July 10, 2006

Hearsay

Representing illegal immigrants has always posed challenges to immigration attorneys, one of whom now claims that the government is not doing right by his client.

Desmond P. Fitzgerald of Boston says his client, a native of Colombia, had been granted an asylum hearing scheduled in U.S. Immigration Court in Boston seven days before the man's temporary visa was to expire.

But a month before the hearing, the client received a notice telling him to come back in seven months.

"Then when he goes to court, the judge says, 'You're too late; you have to file within a year, so I won't accept your application,' and he gets deported," Fitzgerald recalls. "At the time, he had no counsel."

The client claims he entered the United States after being threatened by roving militia gangs in Colombia.

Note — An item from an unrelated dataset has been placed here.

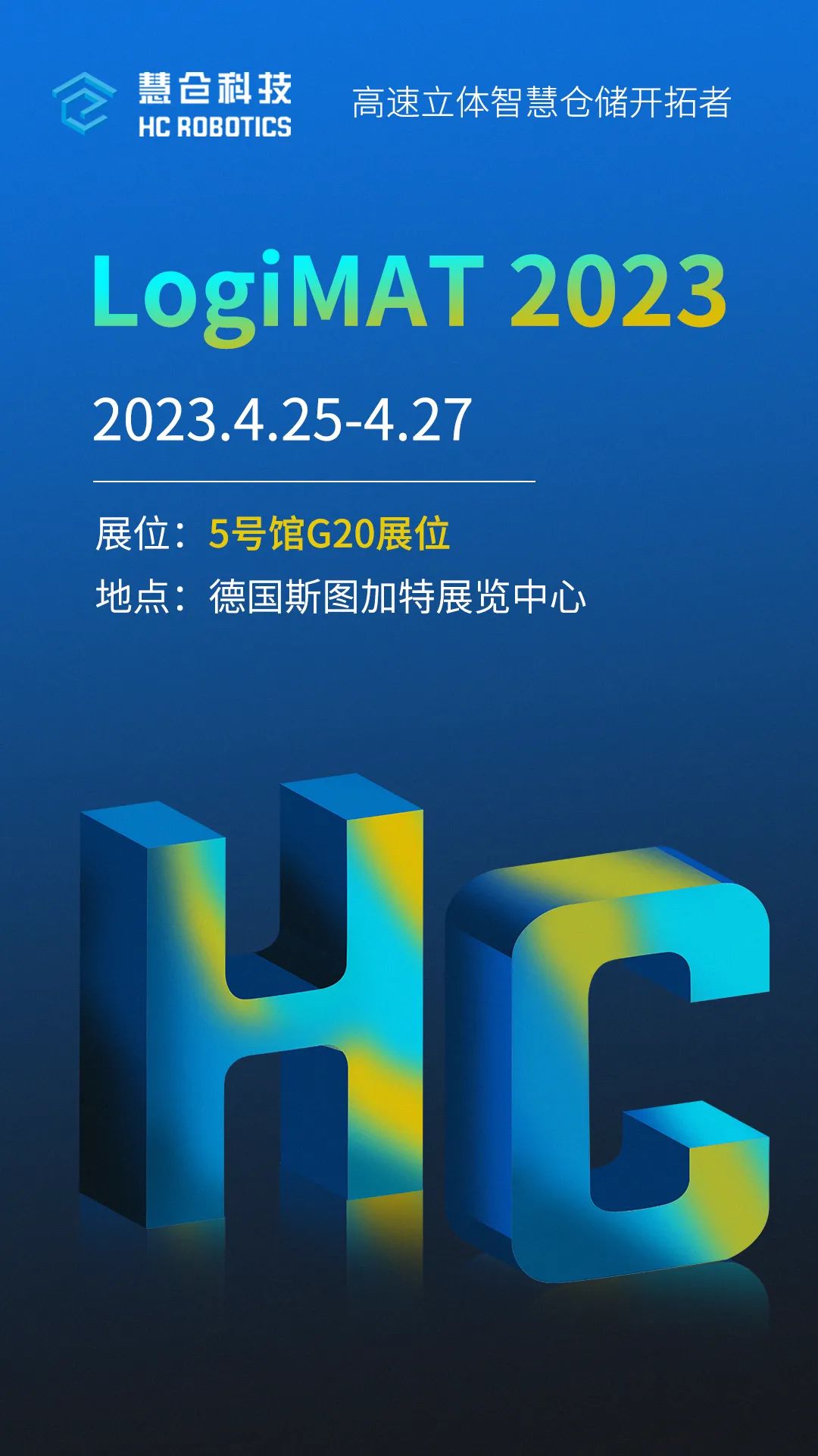 2023年4月25日-27日,LogiMAT Stuttgart内部物流解决方案及流程管理国际贸易展将在德国斯图加特展览中心盛大召开。高速立体智慧仓储开拓者慧仓科技(HC ROBOTICS)将集结超强阵容实力亮相!

"Most people that have to apply for asylum here don't have the resources to get lawyers, so they depend upon the system to be fair enough to navigate on their own," says Fitzgerald.

Fitzgerald is seeking an appeal, but he says it is questionable whether the 1st Circuit will overturn the decision.

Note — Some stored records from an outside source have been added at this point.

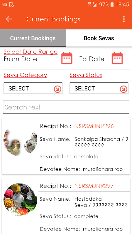 Now in this App administrators will be able to filter sevas by date range, seva category & seva status. Sevas can also be searched by devotee mobile number, name and receipt no.
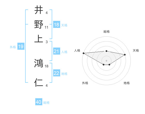 井野上 鴻仁さんを姓名の画数から五運を鑑定
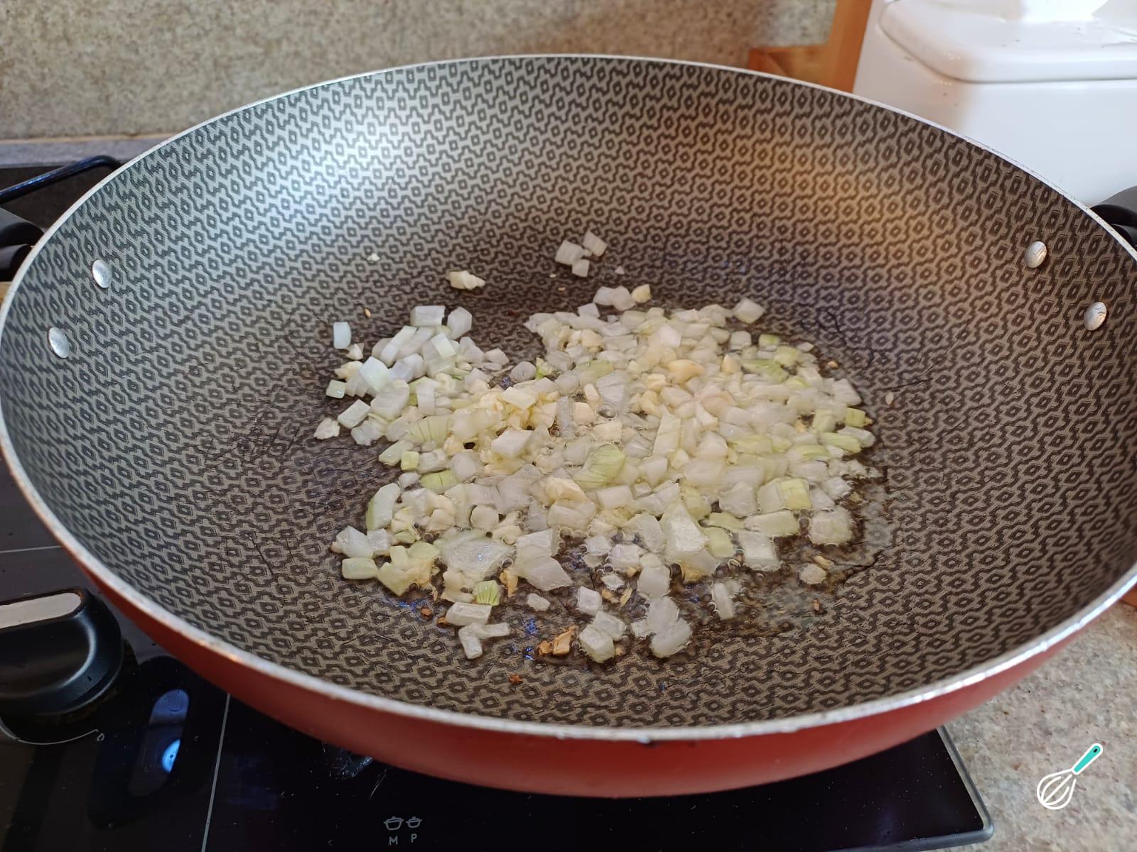 Em uma panela média, aqueça o azeite e refogue o alho e a cebola picada, até começar a dourar.
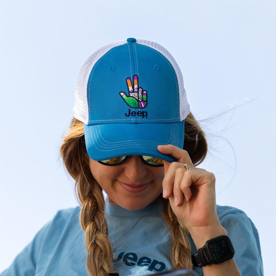 The Jeep® “Mountain Wave” Hat features a vibrant embroidered mountain scene within the iconic Jeep Wave. One Size Fits Most Blue Cotton Twill Brim with Embroidered Mountain Wave Logo & Jeep® Logo White Super Soft Mesh Snap Back Closure 6-Panel, Structured...Regular price $30.00Regular price $30.00
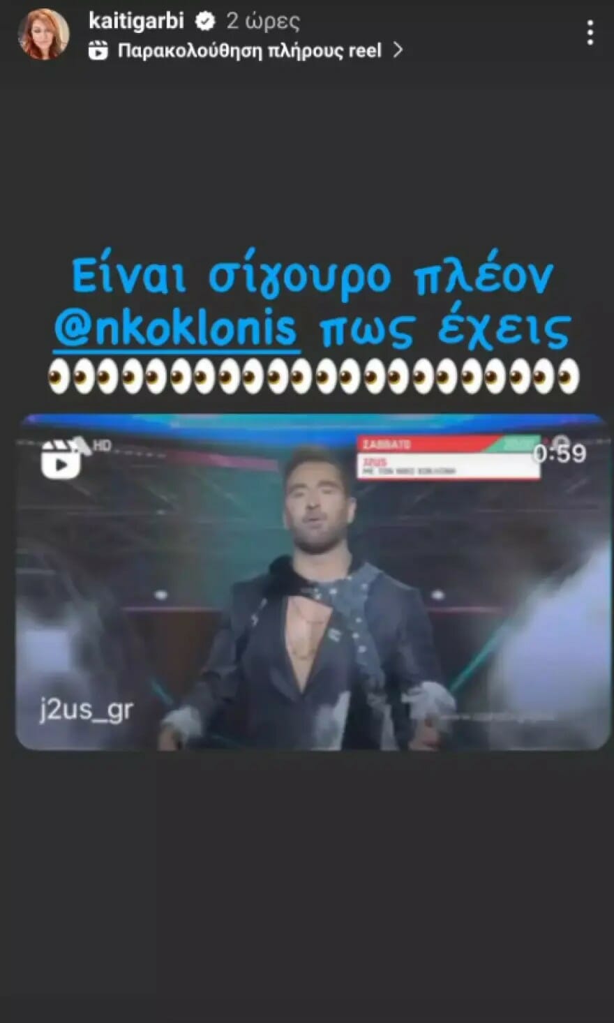 Η τραγουδίστρια Καίτη Γαρμπή και κριτής του τηλεοπτικού σόου το οποίο παρουσιάζει ο Νίκος Κοκλώνης, «Just the 2 of Us» δημοσίευσε βίντεο στον προσωπικό της λογαριασμό στο Instagram μέσω story.
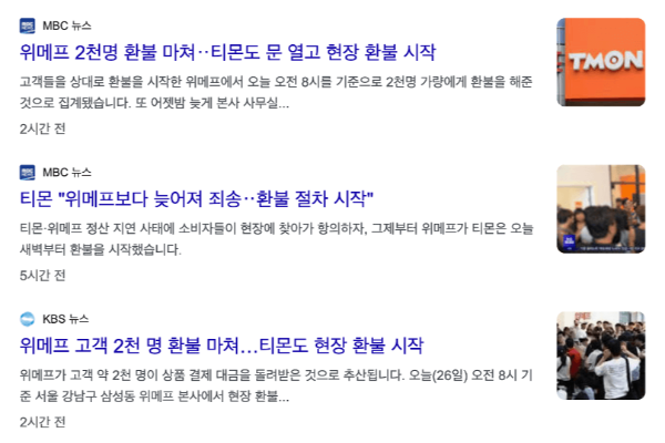 7월 25일 새벽부터 위메프는 일부 소비자들에게 오프라인에서 환불을 해주기 시작하였는데 티몬은 조금 늦은 대응으로 이제야 직원들이 나와 환불을 해주겠다고 나선 상황입니다.

"They've had regulations saying, 'If we schedule your hearing after a year, you can't file [an appeal], and you can't ask a court to review the determination.'"

Further complicating matters was that when Fitzgerald appealed to the Board of Immigration Reviews, missing from his 500-page filing was the notice of rescheduling.

"Thankfully, my client still had it," he says. "This guy doesn't read English. If he'd lost that piece of paper, there'd be no way for a lawyer to know he had a chance of release."

Adds Fitzgerald: "There must be thousands of cases like this that no one knows about."

A spokeswoman for the Department of Homeland Security declined to comment, citing the pending nature of the case.